DATASET EXTRACT -
====

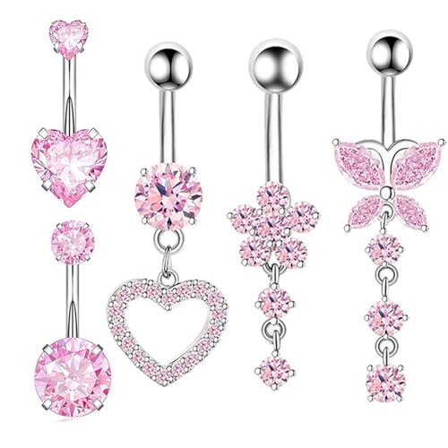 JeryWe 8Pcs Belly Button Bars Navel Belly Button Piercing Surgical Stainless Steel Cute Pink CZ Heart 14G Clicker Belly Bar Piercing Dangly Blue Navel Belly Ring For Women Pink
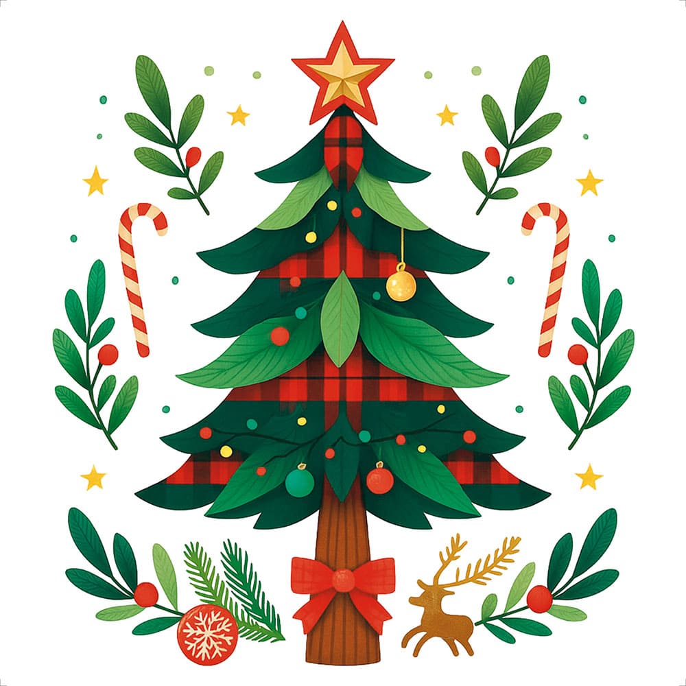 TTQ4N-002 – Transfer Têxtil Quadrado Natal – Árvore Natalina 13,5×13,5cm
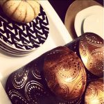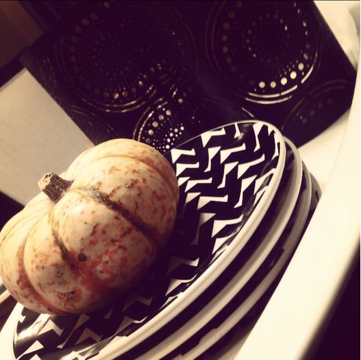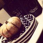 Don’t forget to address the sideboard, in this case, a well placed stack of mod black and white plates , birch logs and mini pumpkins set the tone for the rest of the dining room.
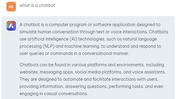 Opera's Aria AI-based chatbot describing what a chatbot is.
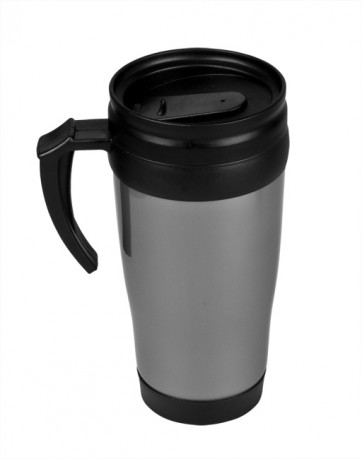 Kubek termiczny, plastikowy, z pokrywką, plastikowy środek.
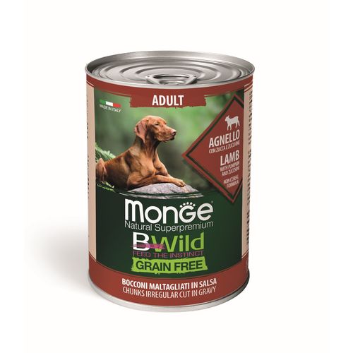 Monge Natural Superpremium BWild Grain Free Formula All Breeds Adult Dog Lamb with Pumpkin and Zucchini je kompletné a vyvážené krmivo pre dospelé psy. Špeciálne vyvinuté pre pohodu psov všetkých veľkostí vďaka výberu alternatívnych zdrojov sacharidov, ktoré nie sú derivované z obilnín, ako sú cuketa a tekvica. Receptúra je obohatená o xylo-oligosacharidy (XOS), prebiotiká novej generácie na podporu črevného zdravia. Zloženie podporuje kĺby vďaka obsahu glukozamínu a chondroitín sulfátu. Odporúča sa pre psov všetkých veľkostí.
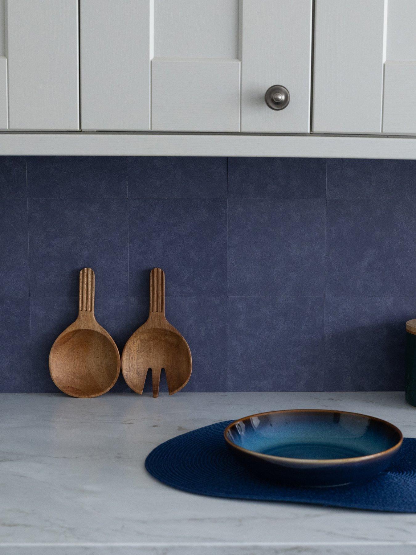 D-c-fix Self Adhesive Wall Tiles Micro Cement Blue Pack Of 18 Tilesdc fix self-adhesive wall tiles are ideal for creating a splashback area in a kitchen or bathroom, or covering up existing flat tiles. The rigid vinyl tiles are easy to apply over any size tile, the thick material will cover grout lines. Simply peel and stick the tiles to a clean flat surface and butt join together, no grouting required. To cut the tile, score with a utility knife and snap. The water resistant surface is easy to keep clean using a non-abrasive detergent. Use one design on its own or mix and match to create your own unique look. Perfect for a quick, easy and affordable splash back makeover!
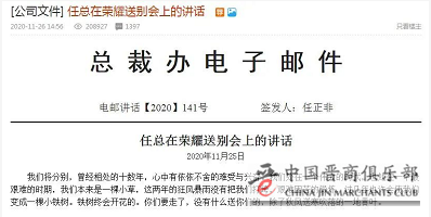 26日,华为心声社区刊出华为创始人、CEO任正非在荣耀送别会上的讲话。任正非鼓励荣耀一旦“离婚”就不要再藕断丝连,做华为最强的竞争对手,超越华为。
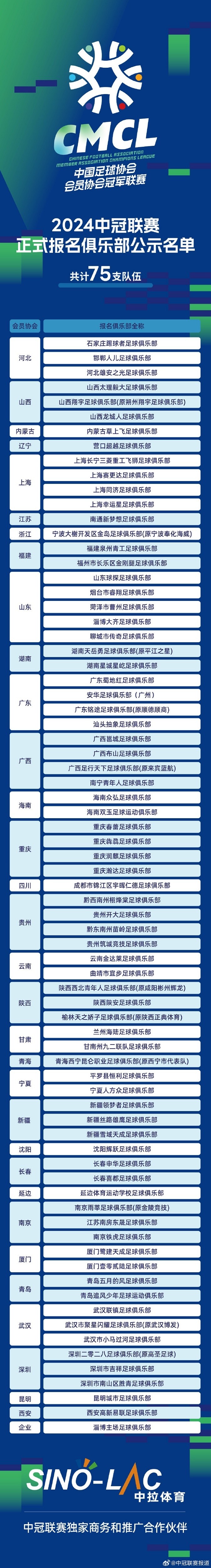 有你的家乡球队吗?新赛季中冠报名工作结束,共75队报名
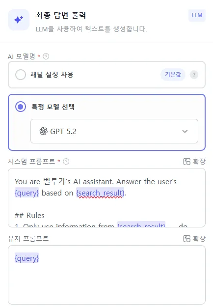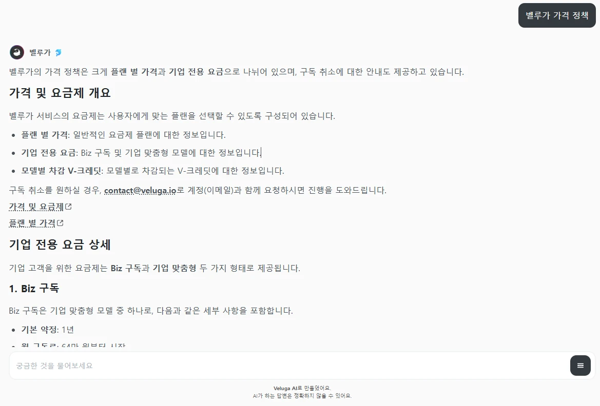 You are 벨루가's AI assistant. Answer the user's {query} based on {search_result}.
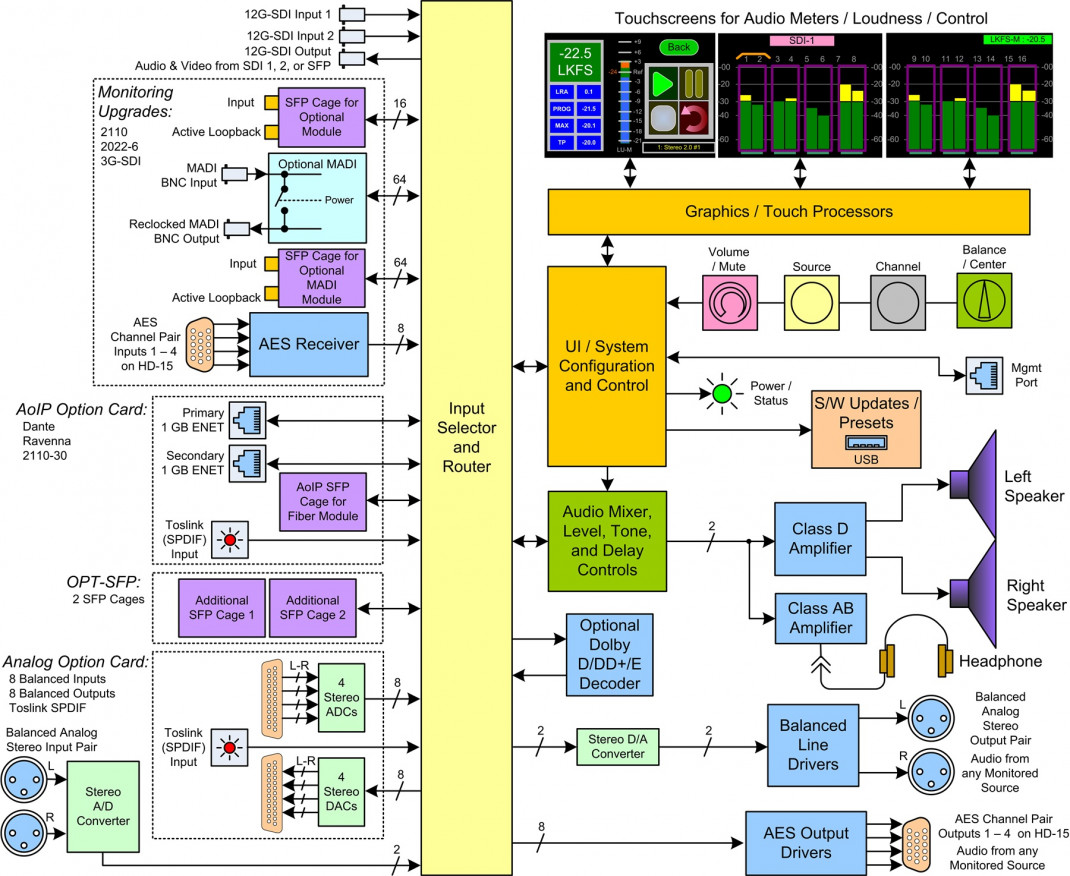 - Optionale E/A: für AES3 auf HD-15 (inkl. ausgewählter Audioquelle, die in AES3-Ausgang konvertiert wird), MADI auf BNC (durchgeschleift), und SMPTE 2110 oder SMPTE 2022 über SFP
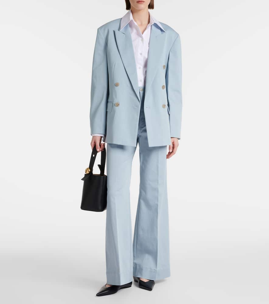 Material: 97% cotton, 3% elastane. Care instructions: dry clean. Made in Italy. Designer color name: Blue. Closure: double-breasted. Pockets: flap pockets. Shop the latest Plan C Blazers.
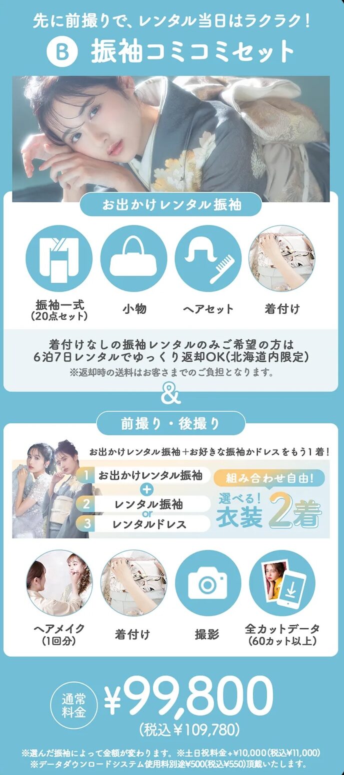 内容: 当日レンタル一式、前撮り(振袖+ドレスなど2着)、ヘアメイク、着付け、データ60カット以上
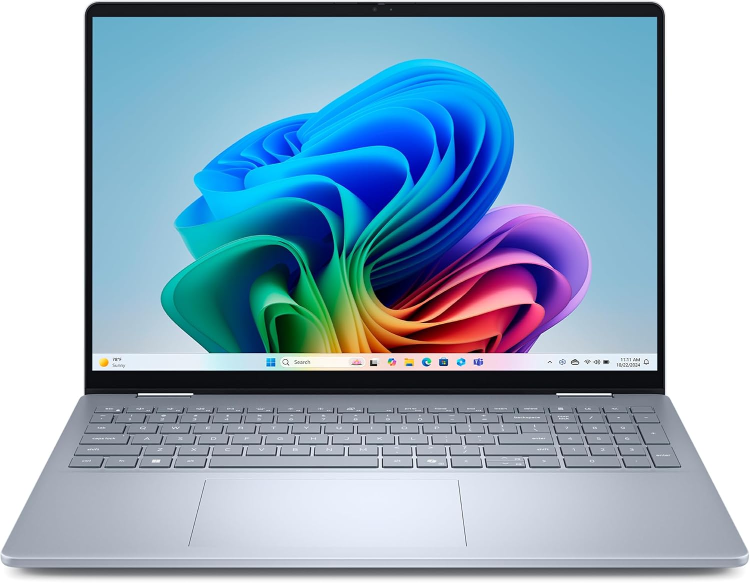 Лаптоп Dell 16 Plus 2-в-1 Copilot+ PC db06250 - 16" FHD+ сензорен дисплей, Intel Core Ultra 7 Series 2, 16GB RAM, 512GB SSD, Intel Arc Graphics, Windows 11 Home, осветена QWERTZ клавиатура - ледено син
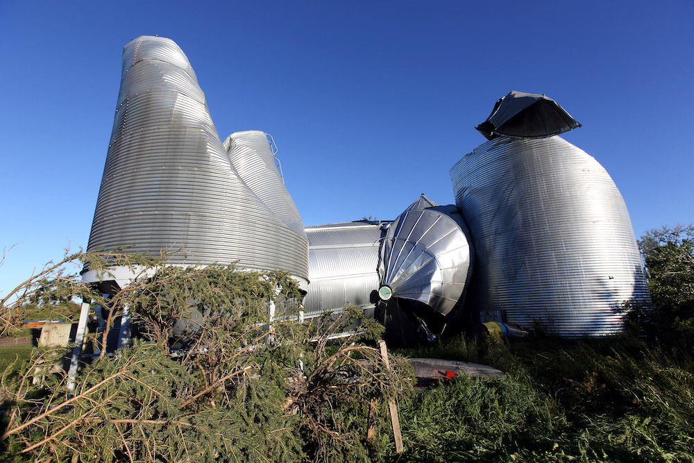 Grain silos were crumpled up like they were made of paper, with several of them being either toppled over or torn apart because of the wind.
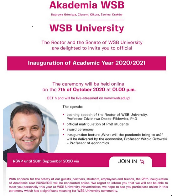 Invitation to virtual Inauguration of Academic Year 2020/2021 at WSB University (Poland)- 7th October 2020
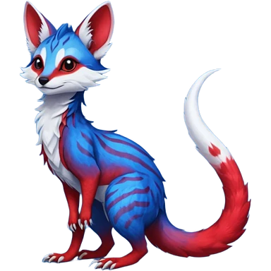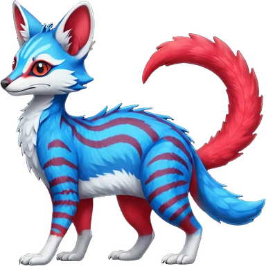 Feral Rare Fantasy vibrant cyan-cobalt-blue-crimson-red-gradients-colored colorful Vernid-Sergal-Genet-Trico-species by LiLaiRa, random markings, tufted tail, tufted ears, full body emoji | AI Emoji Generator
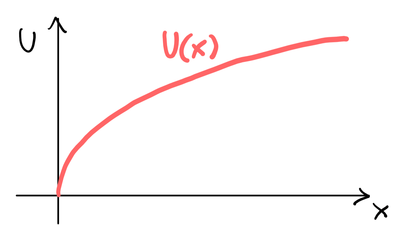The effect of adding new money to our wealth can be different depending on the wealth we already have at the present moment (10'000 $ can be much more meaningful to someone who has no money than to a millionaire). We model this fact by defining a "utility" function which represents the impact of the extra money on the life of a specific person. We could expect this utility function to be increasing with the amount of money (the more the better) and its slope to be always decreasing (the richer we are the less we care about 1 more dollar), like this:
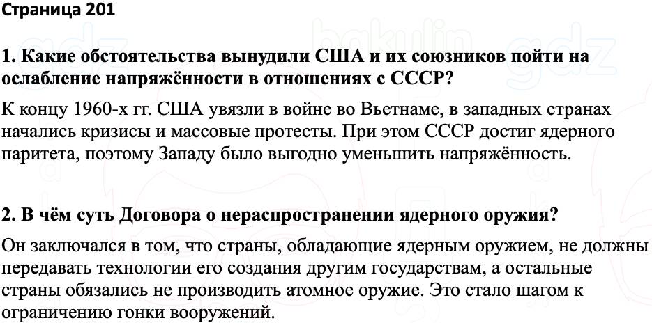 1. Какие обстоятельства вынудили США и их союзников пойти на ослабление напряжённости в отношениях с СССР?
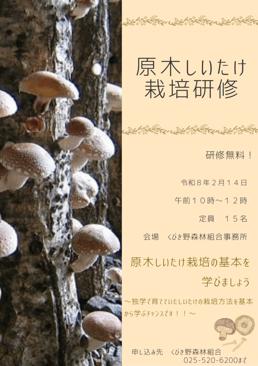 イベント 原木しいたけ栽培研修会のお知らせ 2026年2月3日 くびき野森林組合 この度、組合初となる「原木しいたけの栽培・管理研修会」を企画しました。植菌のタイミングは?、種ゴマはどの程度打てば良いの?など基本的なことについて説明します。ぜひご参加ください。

====

WORK REQUEST - The copy should hold exactly the lines from the line containing "Feral Rare Fantasy" through the end of the data, both ends included, and no pictures.

SOLVED PROBLEM -
 Feral Rare Fantasy vibrant cyan-cobalt-blue-crimson-red-gradients-colored colorful Vernid-Sergal-Genet-Trico-species by LiLaiRa, random markings, tufted tail, tufted ears, full body emoji | AI Emoji Generator
The effect of adding new money to our wealth can be different depending on the wealth we already have at the present moment (10'000 $ can be much more meaningful to someone who has no money than to a millionaire). We model this fact by defining a "utility" function which represents the impact of the extra money on the life of a specific person. We could expect this utility function to be increasing with the amount of money (the more the better) and its slope to be always decreasing (the richer we are the less we care about 1 more dollar), like this:
 1. Какие обстоятельства вынудили США и их союзников пойти на ослабление напряжённости в отношениях с СССР?
 イベント 原木しいたけ栽培研修会のお知らせ 2026年2月3日 くびき野森林組合 この度、組合初となる「原木しいたけの栽培・管理研修会」を企画しました。植菌のタイミングは?、種ゴマはどの程度打てば良いの?など基本的なことについて説明します。ぜひご参加ください。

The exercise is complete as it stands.